# Needs suggestions



## ecoelectric (Aug 19, 2011)

I am wondering what kind of tv to buy. What is more economical and affordable? LED tv, LCD tv or DLP? I need some opinions about these three kinds of tv


----------



## New_2_DIY (Aug 20, 2011)

Depends on what you are looking for. DLP are usually less expensive than LCD, Plasma or LED, but too large to hang on a wall ( they are wedge shaped, not thin and flat). LCD and Plasma are less expensive than LED, and all three types are hangable on a wall. 
3D set are up and coming, but personally I think that technology needs to mature for home use, since there are two different technologies pending, and one seems to be superior (the one that uses non powered glasses).


----------



## DannyT (Mar 23, 2011)

we bought a 55 inch samsung led from tigerdirect on sale. we couldnt be happier with it. they recently had 55 inch vizios for 799.00. dont know much about the vizio's tho.


----------



## Mr Chips (Mar 23, 2008)

plasma has come way down, and unless you are putting it in a really bright room, i still prefer it over most others


----------



## ahdyholmes (Sep 2, 2011)

I have a DLP and don't have any complaints)))


----------



## New_2_DIY (Aug 20, 2011)

ahdyholmes said:


> I have a DLP and don't have any complaints)))


We had one too, a big wedge-shaped Panasonic floor model, great HD picture, but took up too much floor space so we opted for a projector in that room.


----------



## gregzoll (Dec 25, 2006)

Look at the multiple discussions over at avsforum.com. They have beaten this discussion til the horse stopped breathing. As for your question, There is no such thing as a LED HD in a size that would be able to have in a consumer home. LCD sets come in various flavors (LED, CFL), as for worst to best, it would be in the following order: DLP at the bottom, LCD with CFL backlight next, LCD with LED, then Plasma. 3D sets are now down in price, that anyone can afford them, even though most that are buying are not doing it for the 3D.
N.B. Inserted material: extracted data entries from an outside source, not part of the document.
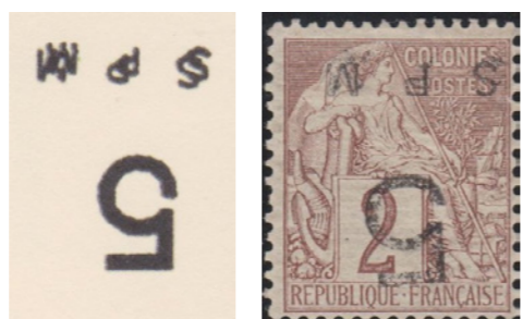
Surcharge "SPM" dédoublée. Neuf. Seule pièce connue. Rareté de colonies françaises

Catalogue spécialisé sur les classiques de SPM de 128 pages couleur.
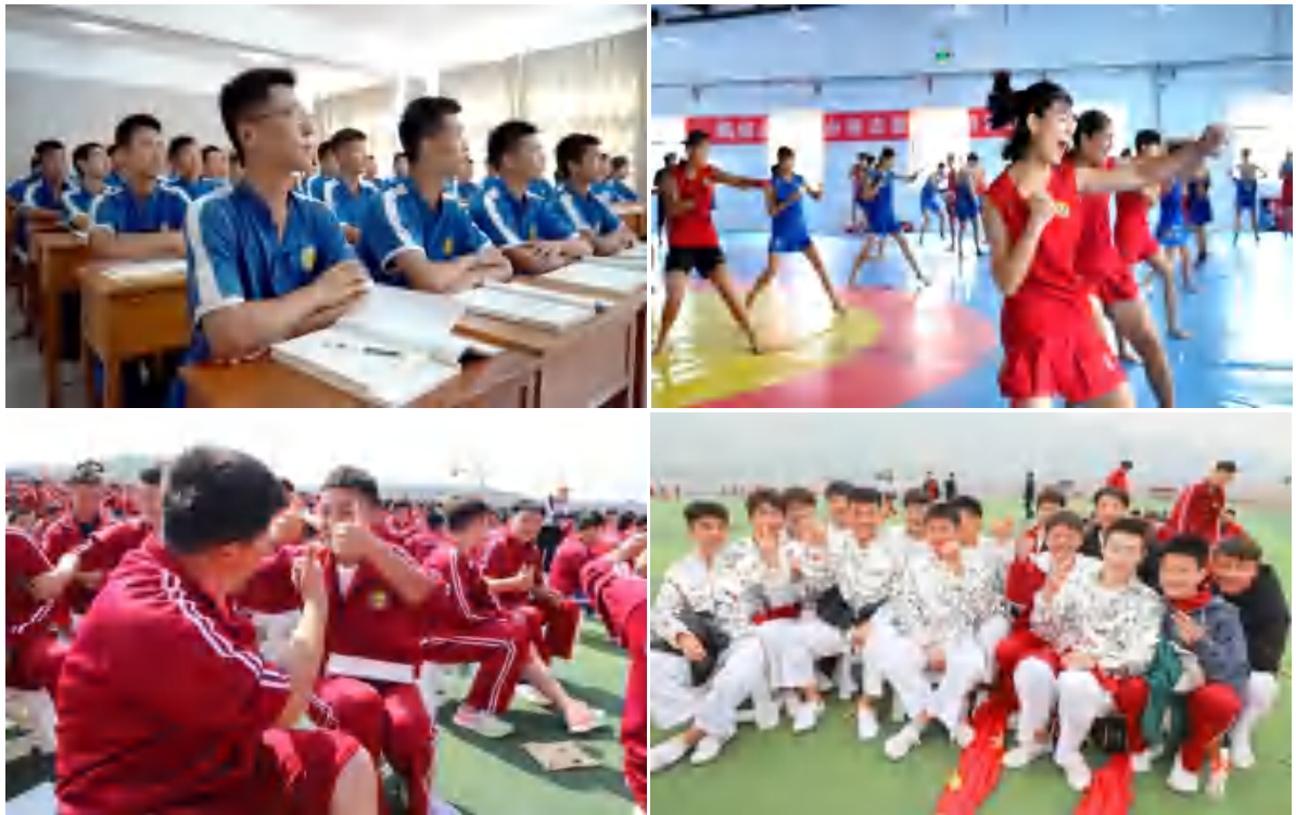
图 5 丰富多彩的校园生活

（4）完善的学生考核评价体系。学校坚持“一切从学生出发，一切为学生服务，为了学生的一切，为了一切的学生”的办学方针，统筹推进育人方式、办学模式、管理体制、保障机制改革，以推动学校教育高质量发展。深入推进教育评价改革，为在校生建立个人综合素质评价档案，实行综合素质量化积分管理，促使学生评价改革走深走实，助力学生实现德智体美劳全面发展。
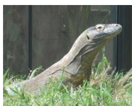
“มังกรโคโมโด” สัตว์ประจำชาติอินโดนีเซีย

“เสือ” เป็นสัตว์ประจำชาติของประเทศเมียนมาร์ ลักษณะของเสือสามารถบ่งบอกได้ถึงความอุดมสมบูรณ์ของประเทศเมียนมาร์
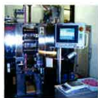
液体三方パウチ (清涼飲料水対応)
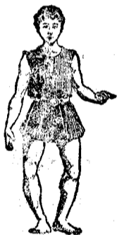
Desviación externa de las piernas, es corregible en sus diversos grados.

Tiene a disposición del que lo solicite habitaciones. VERDADERAMENTE RESERVADAS.—PRECIO ECONOMICO.—RONDA DE LA UNIVERSIDAD, 7, 2.º.—RECIBES DE 3 A 5.—BARCELONA.
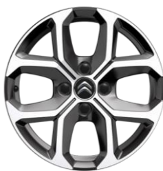
16-Zoll-Leichtmetallfelgen X-CROSS glänzend
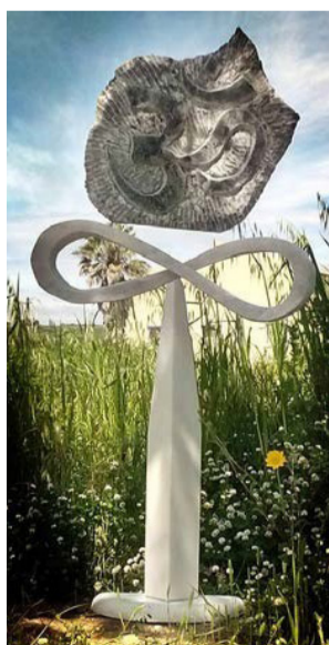
Caminhando no Universo
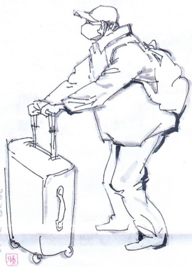
《人物動態速寫(二)》，鋼筆起稿，墨筆點綴。
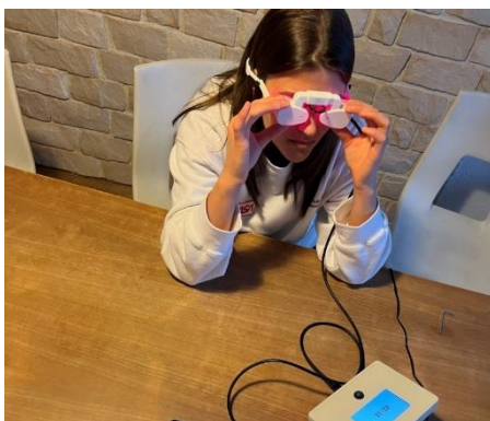
Abbildung 2: Das MACULIGHT Gerät im Einsatz.

Die positiven Ergebnisse der PBM sind bisher ausschließlich mit großen Geräten innerhalb von Kliniken/Praxen gezeigt worden. Mit MACULIGHT gibt es erstmals ein Gerät, das dieselbe Leistung wie die Großgeräte hat, jedoch klein und handlich ist und jeder Patient leicht zu Hause anwenden kann.
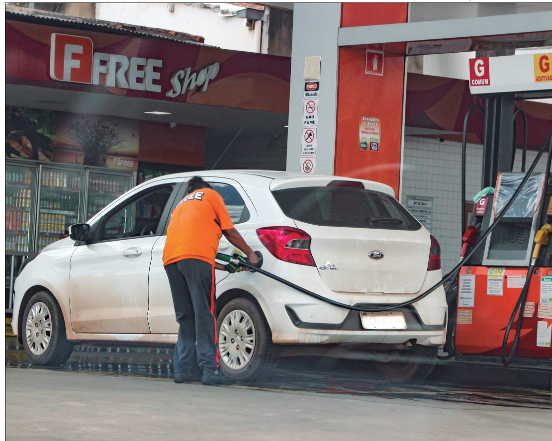
Em relação aos combustíveis, todos registraram queda nos preços: etanol, gás veicular, óleo diesel e gasolina
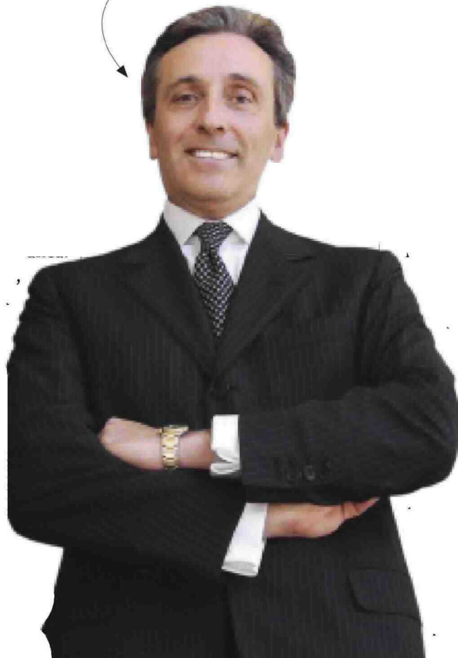
Vittorio Grilli L'ex ministro del Tesoro con gli investitori di Jp Morgan
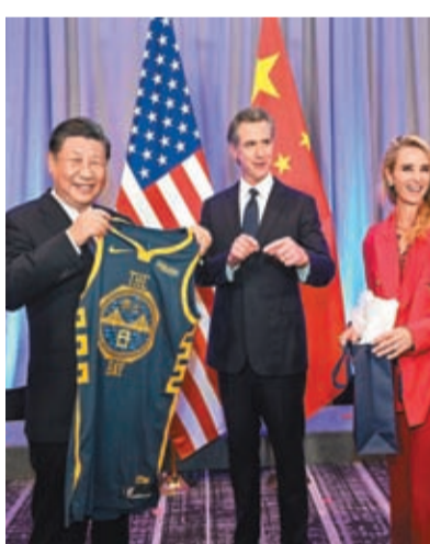
◆加州州長紐森向習近平贈送金州勇士隊球衣。
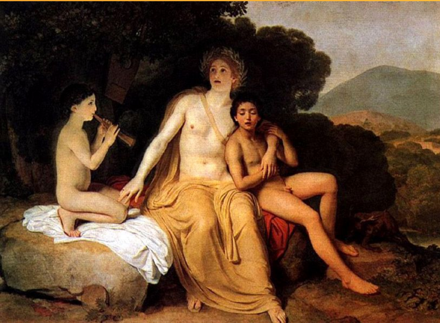
"Аполлон, Гиацинт и Кипарис, занимающиеся музыкой и пением" (1831-1834)

В Италии он изучает античные памятники, знакомится с искусством Ренессанса, восхищается венецианскими фресками.
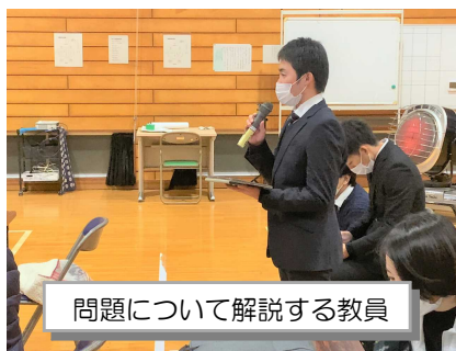
問題について解説する教員
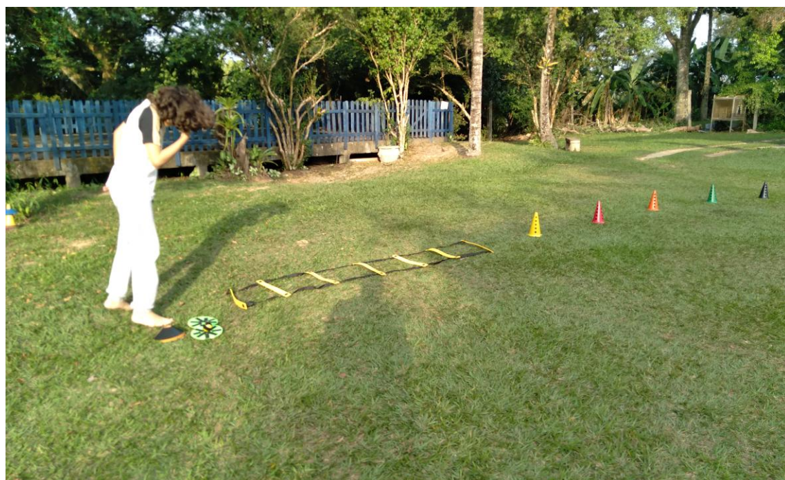
Realização de atividade de dessensibilização e coordenação motora em atendimento de fisioterapia
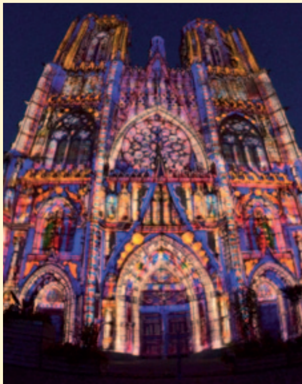
Le nouveau spectacle "Cathédrale de Lumière" a réuni plus de 20 000 spectateurs durant l'été
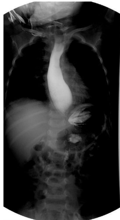
Figura 1 Serie esofagogastroduodenal que muestra esófago dilatado a nivel de la unión esofagogástrica, disminución acentuada de la luz esofágica distal e imagen en «pico de ave».

Los recién nacidos a término presentan lágrimas desde el primer día de vida, producción desarrollada completamente entre la 1-7 semanas de vida. La alacrimia se considera un
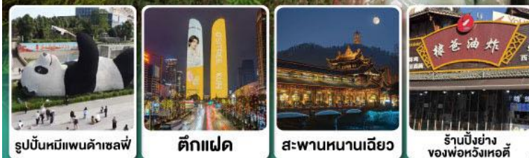
รูปปั้นหมีแพนด้าเซลฟ์ ดิ็กแฝด สะพานหนานเฉียว ร้านปิ้งย่างของพ่อหวังหอดี้

แวะชิมปิ้งย่างหม่าล่า ร้านคุณพ่อ (แว้งแอดตี้) ที่เมืองเล่อซาน
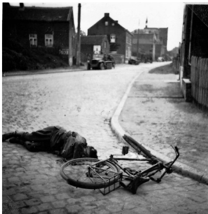
„Belgien (im Hintergrund Helmut's Zugmaschine)“
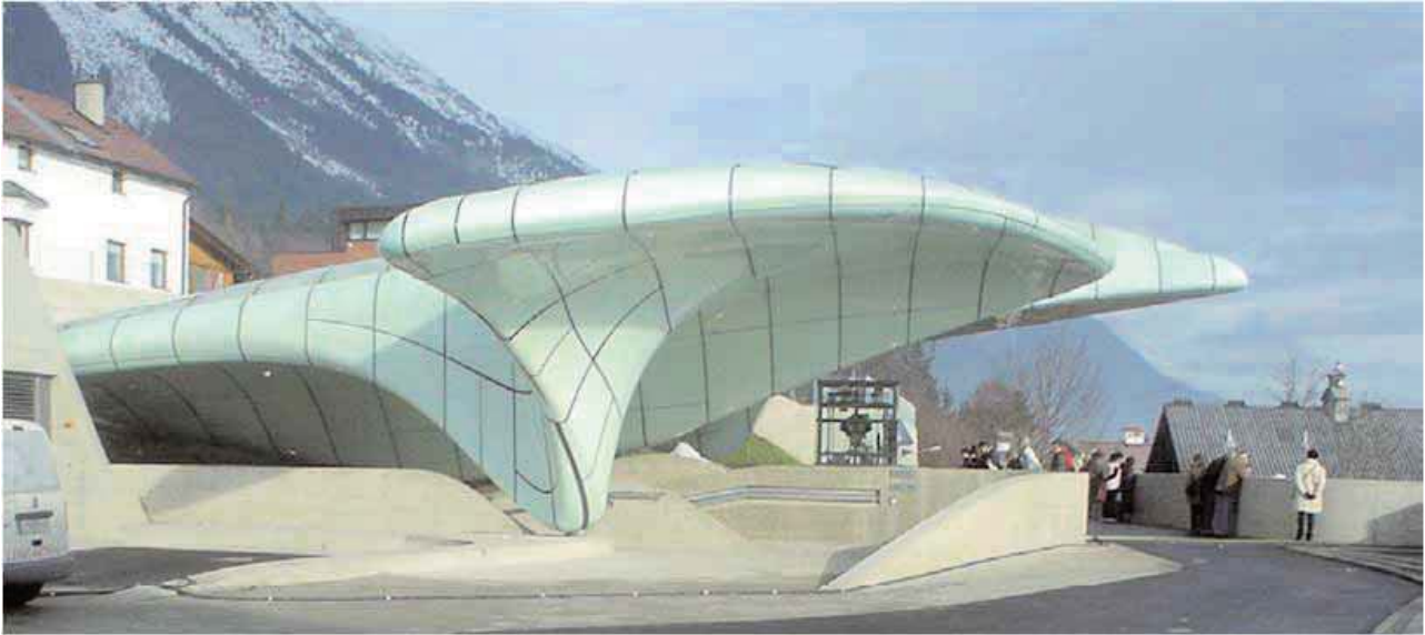
Fig. 4: Nordpark Cable Railway Station, Zaha Hadid Architects, Innsbruck, Austria, 2004-2007

espacios geométricos topológicos no euclídeos, a la aplicación de sistemas cinéticos y dinámicos y al empleo de criterios de diseño paramétrico y algorítmico, que están sustituyendo a los planteamientos tecnológicos de la arquitectura tradicional. (6)
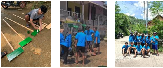
gambar 12 proses pembuatan & pemasangan plang
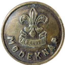
Bronze, Variant # 2, Forside, stor lilje Dimension, Ø: 17 mm

We have a Sony 32" LCD in our Bedroom, and in our Living Room, we have a Panasonic 42" Plasma. Both are good sets, and have their pluses and minuses. The minus on the plasma, is now we are wanting a little larger, due to we watch a lot of movies on it, and Football season is here, so we want to move up in size. The Sony, we watch regular tv, and have a Roku for Netflix.

I would though, stay away from any set that has built in apps, because people are seeing still a lot of problems with the quality when watching Netflix, and the apps cooperating, very poor.


----------